#### TO DO:
Reproduce the data below in full and to the letter, images excepted.

#### DATA EXTRACT:
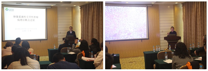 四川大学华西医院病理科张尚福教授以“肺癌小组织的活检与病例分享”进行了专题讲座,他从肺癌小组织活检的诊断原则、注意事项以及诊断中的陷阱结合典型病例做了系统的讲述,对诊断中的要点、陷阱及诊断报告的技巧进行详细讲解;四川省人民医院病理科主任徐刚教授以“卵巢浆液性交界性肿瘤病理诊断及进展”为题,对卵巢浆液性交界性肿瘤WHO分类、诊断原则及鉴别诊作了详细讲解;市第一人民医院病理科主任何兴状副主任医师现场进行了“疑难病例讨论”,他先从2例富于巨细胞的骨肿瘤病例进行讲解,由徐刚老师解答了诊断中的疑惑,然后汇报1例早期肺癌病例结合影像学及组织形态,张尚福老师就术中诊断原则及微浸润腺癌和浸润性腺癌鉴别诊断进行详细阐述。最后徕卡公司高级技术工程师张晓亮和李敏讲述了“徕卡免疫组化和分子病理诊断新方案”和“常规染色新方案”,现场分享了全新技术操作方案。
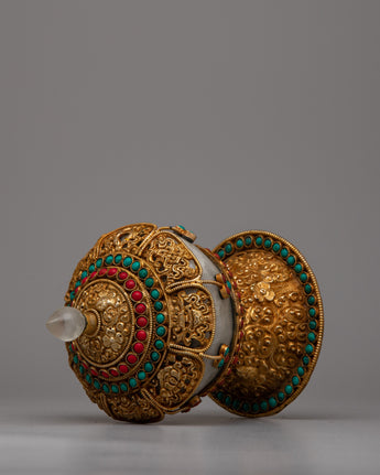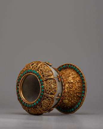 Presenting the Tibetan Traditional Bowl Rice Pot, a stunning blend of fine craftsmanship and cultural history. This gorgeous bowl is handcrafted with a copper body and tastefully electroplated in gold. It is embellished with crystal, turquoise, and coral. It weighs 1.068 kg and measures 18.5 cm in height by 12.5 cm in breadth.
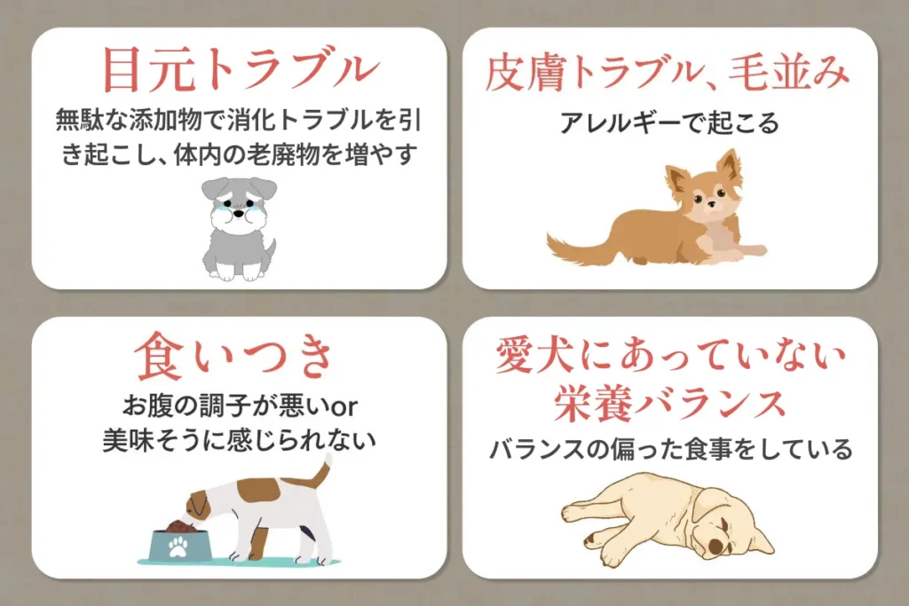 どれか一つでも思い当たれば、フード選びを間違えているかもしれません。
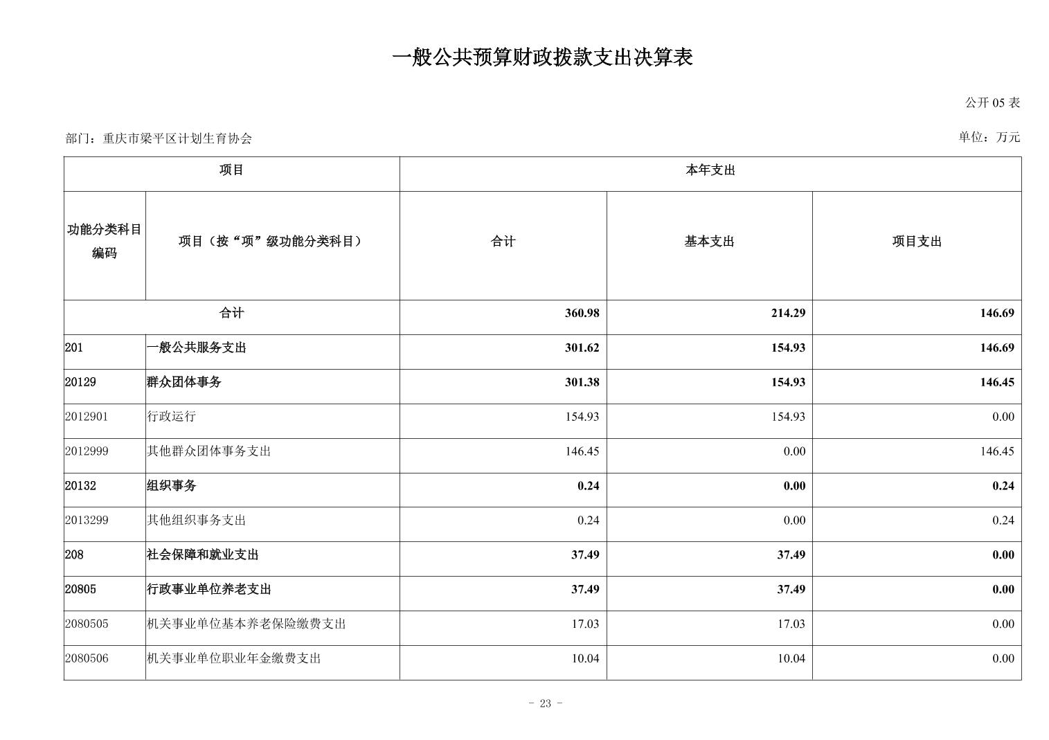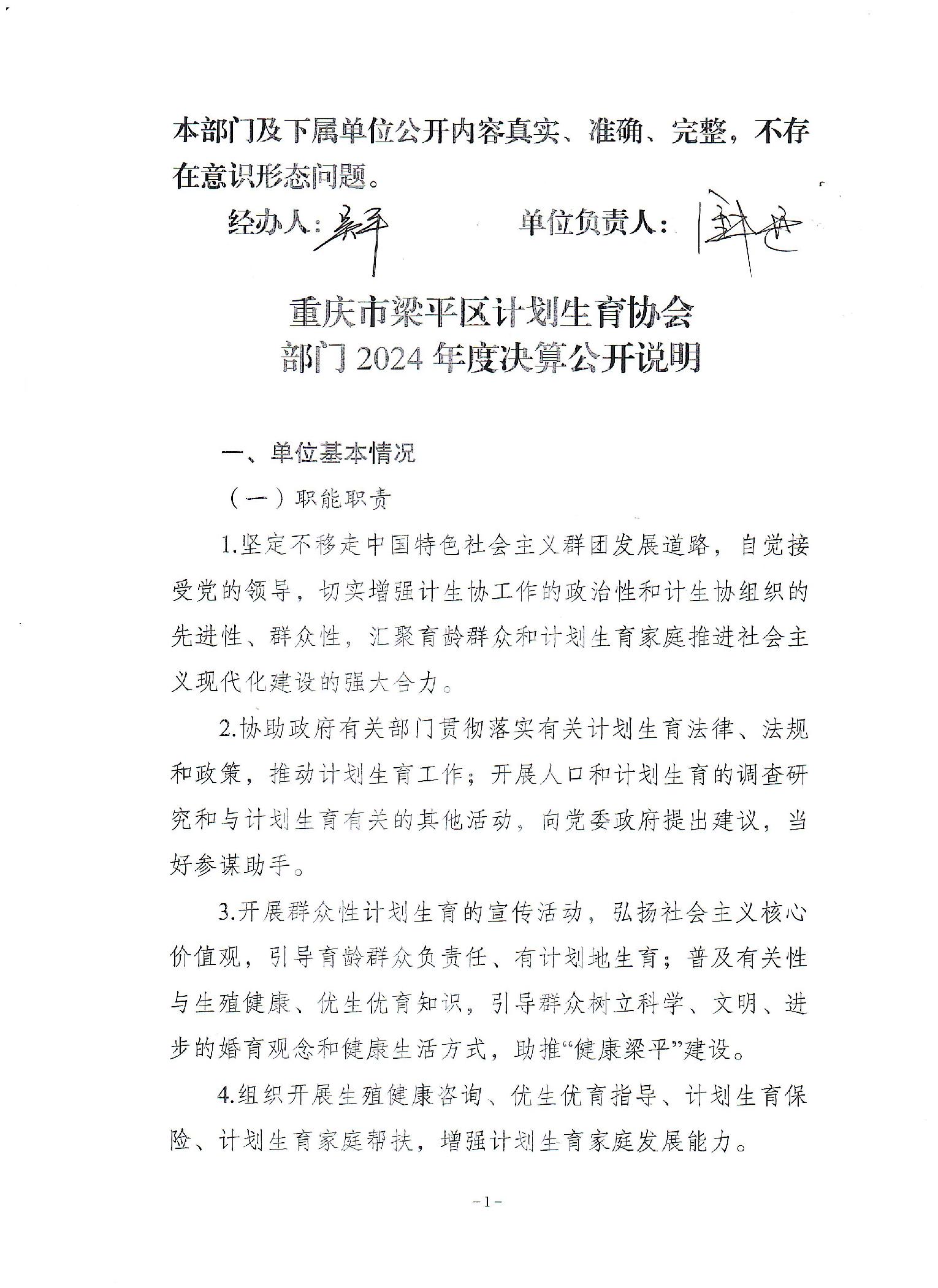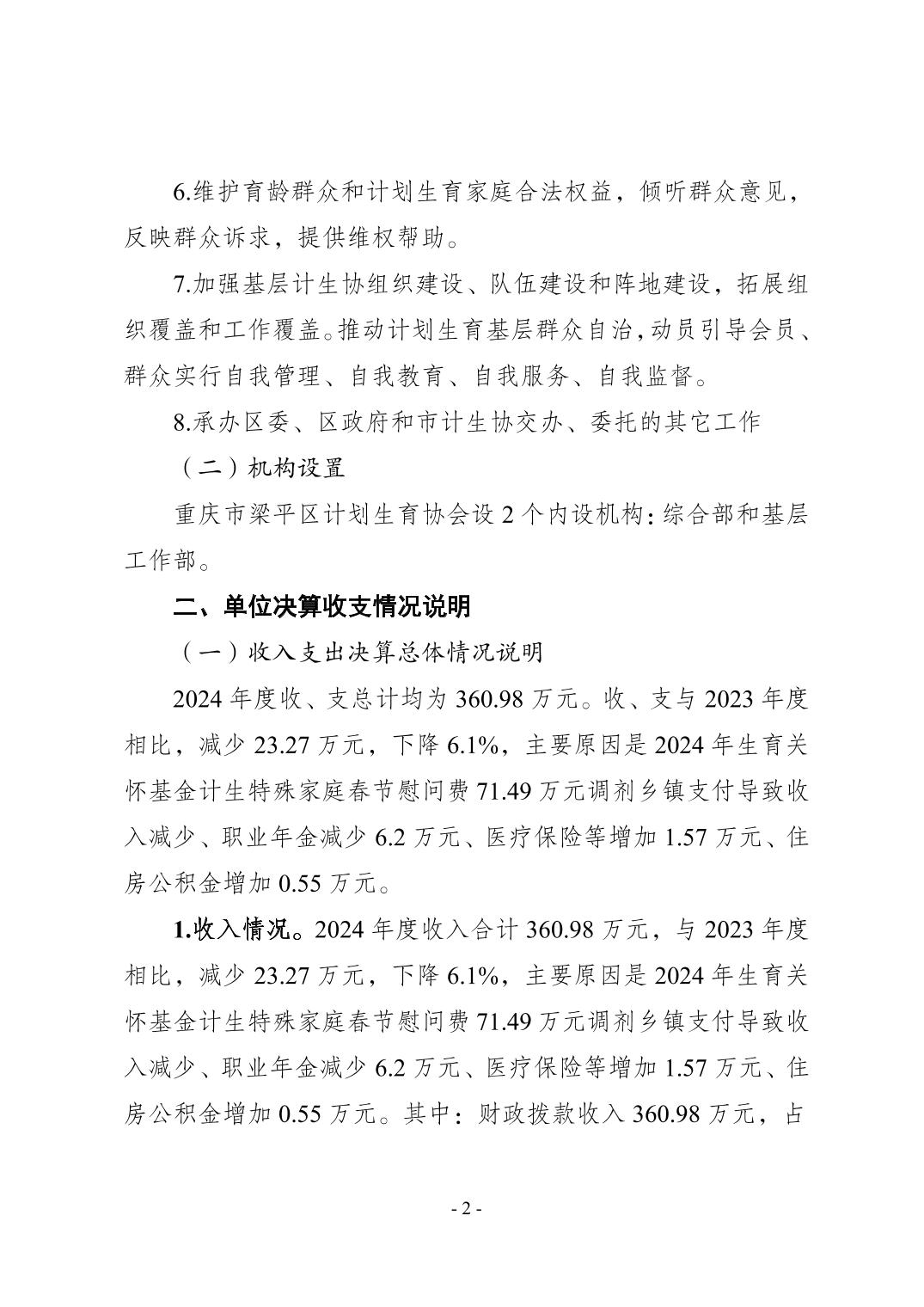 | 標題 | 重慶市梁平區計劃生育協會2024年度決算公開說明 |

#### SOLUTION FOR THIS PROBLEM:
 四川大学华西医院病理科张尚福教授以“肺癌小组织的活检与病例分享”进行了专题讲座,他从肺癌小组织活检的诊断原则、注意事项以及诊断中的陷阱结合典型病例做了系统的讲述,对诊断中的要点、陷阱及诊断报告的技巧进行详细讲解;四川省人民医院病理科主任徐刚教授以“卵巢浆液性交界性肿瘤病理诊断及进展”为题,对卵巢浆液性交界性肿瘤WHO分类、诊断原则及鉴别诊作了详细讲解;市第一人民医院病理科主任何兴状副主任医师现场进行了“疑难病例讨论”,他先从2例富于巨细胞的骨肿瘤病例进行讲解,由徐刚老师解答了诊断中的疑惑,然后汇报1例早期肺癌病例结合影像学及组织形态,张尚福老师就术中诊断原则及微浸润腺癌和浸润性腺癌鉴别诊断进行详细阐述。最后徕卡公司高级技术工程师张晓亮和李敏讲述了“徕卡免疫组化和分子病理诊断新方案”和“常规染色新方案”,现场分享了全新技术操作方案。
 Presenting the Tibetan Traditional Bowl Rice Pot, a stunning blend of fine craftsmanship and cultural history. This gorgeous bowl is handcrafted with a copper body and tastefully electroplated in gold. It is embellished with crystal, turquoise, and coral. It weighs 1.068 kg and measures 18.5 cm in height by 12.5 cm in breadth.
 どれか一つでも思い当たれば、フード選びを間違えているかもしれません。
 | 標題 | 重慶市梁平區計劃生育協會2024年度決算公開說明 |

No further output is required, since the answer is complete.